您可以验证以下修改后的代码是否就是这样。我已经更改了代码,因此对start_counting
的调用会导致tick
函数打印对start_counting
的调用与对start_counting
的调用之后的第一个tick
之间的时间,然后是对tick
的下两个调用之间的时间。
import time
from collections import deque
class FixedStepLoop:
def __init__(self, update_func, step, max_step):
self.update_func = update_func
self.step = step
self.max_step = max_step
self.accumulator = 0.0
self.next_ts = time.perf_counter()
self.last_ts = None
self.cumulative_time = 0
self.times = deque()
self.debug_tick = 0
self.debug_time = None
def update_time(self):
ts = time.perf_counter()
if self.last_ts is None:
delta_t = 0
else:
delta_t = ts - self.last_ts
self.times.appendleft(delta_t)
if len(self.times) > 10:
self.cumulative_time -= self.times.pop()
self.cumulative_time += delta_t
self.last_ts = ts
return delta_t
def tick(self):
dt = self.update_time()
if dt > self.max_step:
dt = self.max_step
self.accumulator += dt
if self.accumulator >= self.step and self.debug_tick:
print("Time to tick: {}".format(time.perf_counter() - self.debug_time))
self.debug_time = time.perf_counter()
self.debug_tick -= 1
while self.accumulator >= self.step:
self.update_func(self.step)
self.accumulator -= self.step
tick_count = 16
class FixedCounter:
def __init__(self):
self.steps = None
self.last_time = time.perf_counter()
self.counting = False
self.loop = FixedStepLoop(self.fixed_update, 1/10, 0.2)
def start_counting(self):
print("---start---")
self.steps = 0
self.last_time = time.perf_counter()
self.loop.debug_tick = 3
self.loop.debug_time = self.last_time
def fixed_update(self, dt):
if self.steps is not None:
self.steps += 1
if self.steps == tick_count:
print("Time since last", time.perf_counter() - self.last_time, "Time accrued by step:", self.steps * 0.1)
self.last_time = time.perf_counter()
self.steps = 0
fixed_counter = FixedCounter()
i = 0
while True:
fixed_counter.loop.tick()
i += 1
if i == 8000:
fixed_counter.start_counting()
if i == 2000000:
fixed_counter.start_counting()
您应该看到类似以下输出的内容。

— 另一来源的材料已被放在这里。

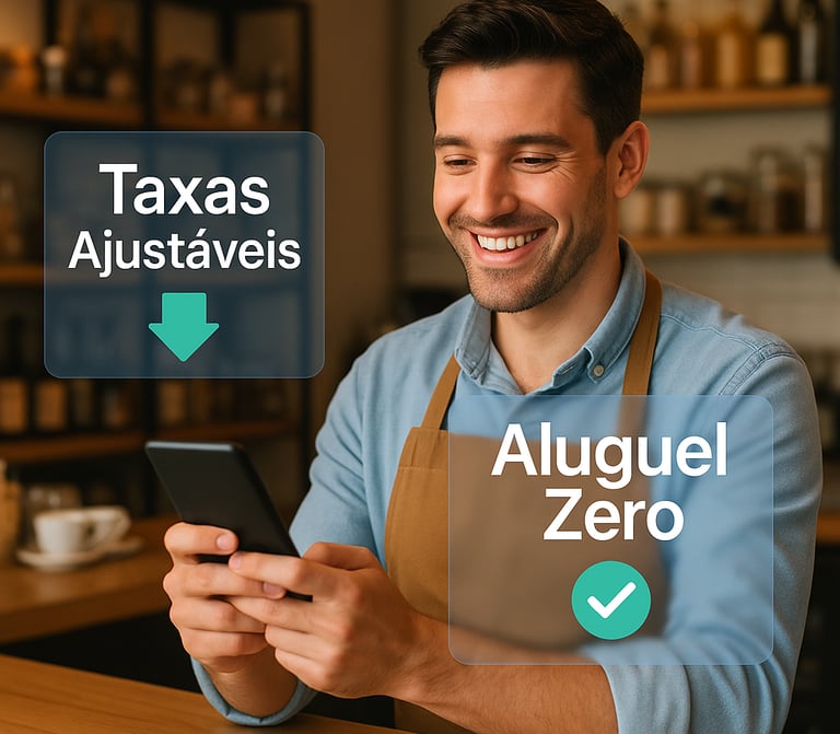Pague menos com taxas personalizadas e isenção de aluguel conforme o volume.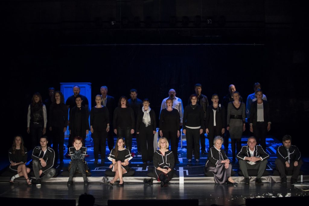U predstavi igraju: Ejla Bavčić, Izudin Bajrović, Kaća Dorić, Aleksandar Seksan, Emina Muftić, Amila Terzimehić, Dina Mušanović, Vedran Đekić, Danijel Žontar, članovi baletnog ansambla Hariz Šabanović i Jasenko Matković, te članovi hora Opere NPS.
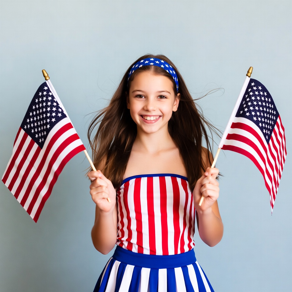 A young girl with long brown hair and a star headband smiles while holding two American flags. She wears a strapless red-white striped top and a blue-white striped skirt on a solid blue background. Her hair flows slightly as she poses happily.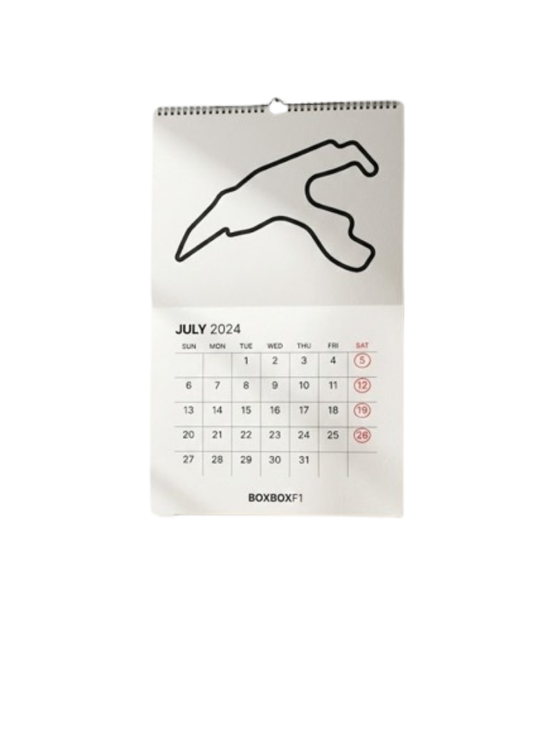 Fini les calendriers surchargés de photos, cette édition ‘BoxBox Originals’ mise sur l’élégance du tracé. Chaque mois révèle la silhouette d’un circuit légendaire traité comme une œuvre d’art graphique.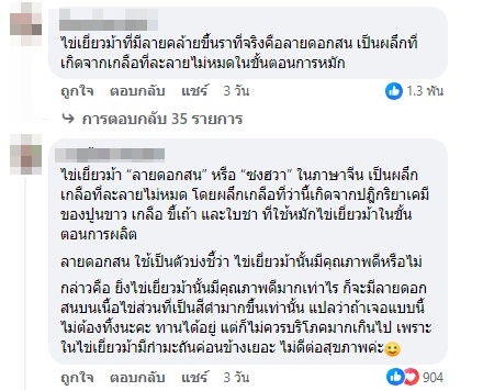 จากนั้นชาวเน็ตก็เข้ามาร่วมคอมเมนต์ ชี้ว่าแม้ลักษณะจะคล้ายรา แต่ไม่ใช่ ลวดลายที่เห็นนั้นเกิดจากผลึกเกลือที่เกิดขึ้นระหว่างการหมัก จนตกผลึกเป็นลวดลายดังกล่าว ซึ่งเรียกกันว่าลายดอกสน นับเป็นของดี หายาก ยืนยันว่ากินได้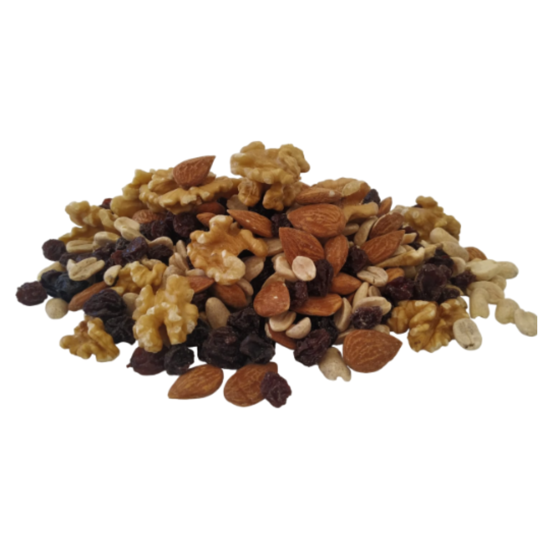 Contiene: Almendras, nueces, pasas y maní.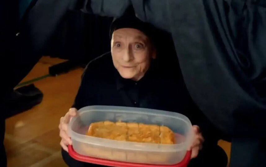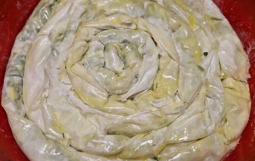 Бабушка во второй части комедии пряталась с пирогом спанакопита, который был приготовлен слоями с чередованием теста и начинки.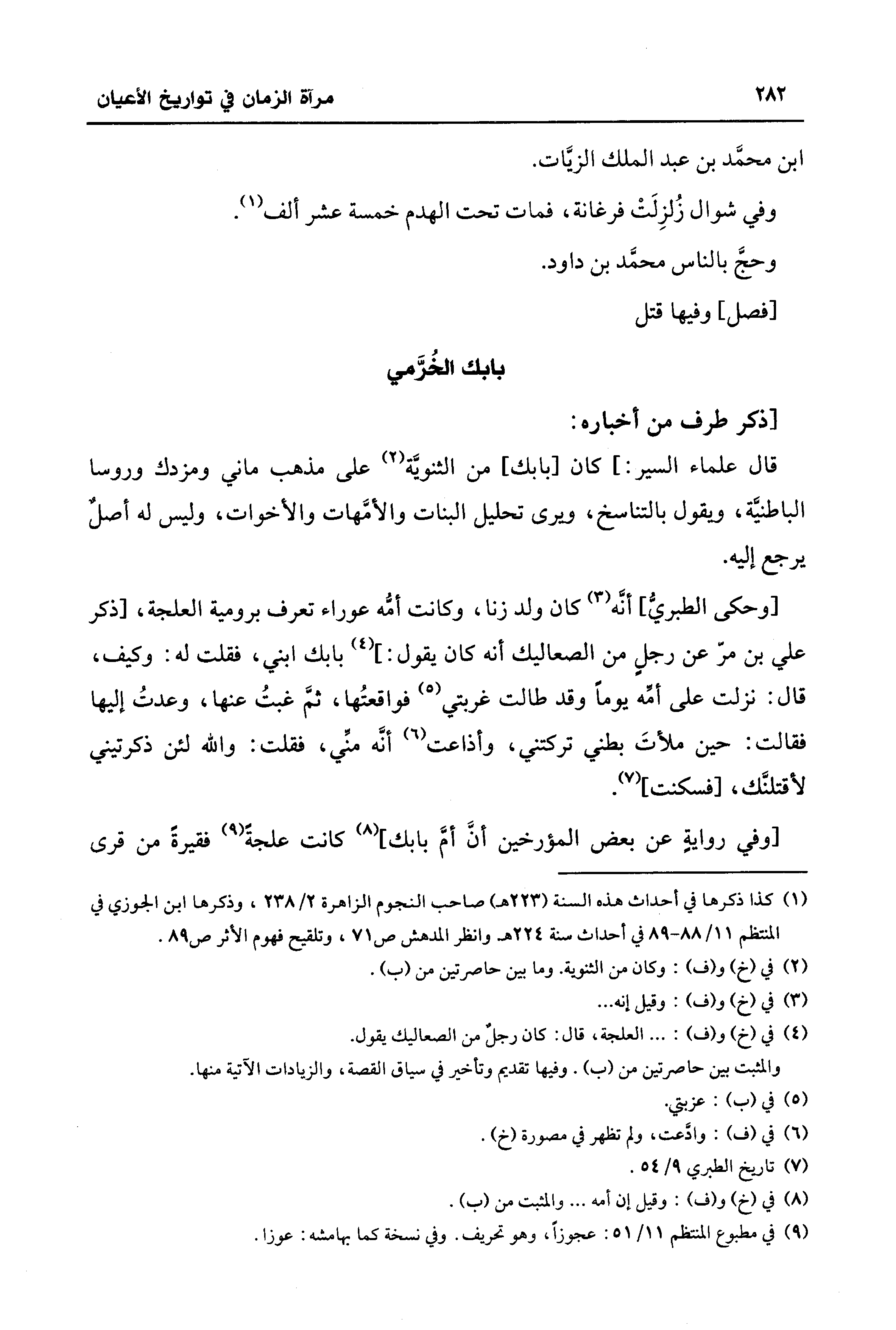 (¬1) كذا ذكرها في أحداث هذه السنة (223 هـ) صاحب النجوم الزاهرة 2/ 238، وذكرها ابن الجوزي في المنتظم 11/ 88 - 89 في أحداث سنة 224 هـ وانظر المدهش ص 71، وتلقيح فهوم الأثر ص 89.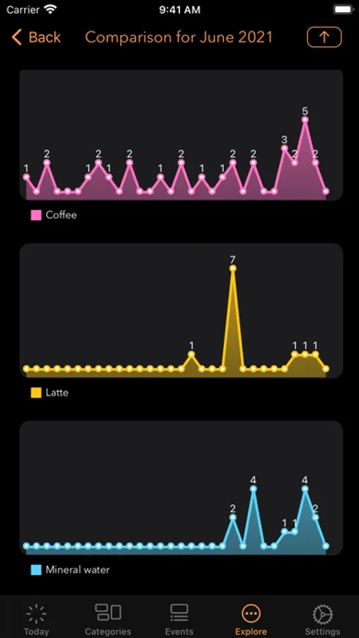 Log A Day is an habit-tracking app that gives you the detailed history of each recorded event, trends charts, statistics, monthly comparisons, etc.

请注意,第一次勾选的时间明显小于第二次和第三次。
---start---
Time to tick: 0.08820800000000001
Time to tick: 0.09974270000000002
Time to tick: 0.09983560000000002
Time since last 1.5882072 Time accrued by step: 1.6
Time since last 1.5997456999999997 Time accrued by step: 1.6
---start---
Time to tick: 0.0507023000000002
Time to tick: 0.09982599999999975
Time to tick: 0.09973420000000033
Time since last 1.5507022999999998 Time accrued by step: 1.6
Time since last 1.5997678000000004 Time accrued by step: 1.6
Time since last 1.5997316999999995 Time accrued by step: 1.6
如果您需要更高的精度,您应该减少用于FixedStepLoop
的step
和max_step
,并相应地增加tick_count
。例如,我通过将step
、max_step
和tick_count
分别更改为0.01
、0.02
和1600
来获得以下输出。
---start---
Time since last 1.5979447999999998 Time accrued by step: 1.6
---start---
Time since last 1.5954332000000004 Time accrued by step: 1.6
Time since last 1.5997648999999994 Time accrued by step: 1.6
Time since last 1.5997534 Time accrued by step: 1.6
当然,第一次和随后打印消息的时间之间仍然存在差异,但您应该能够更改参数,使差异任意降低。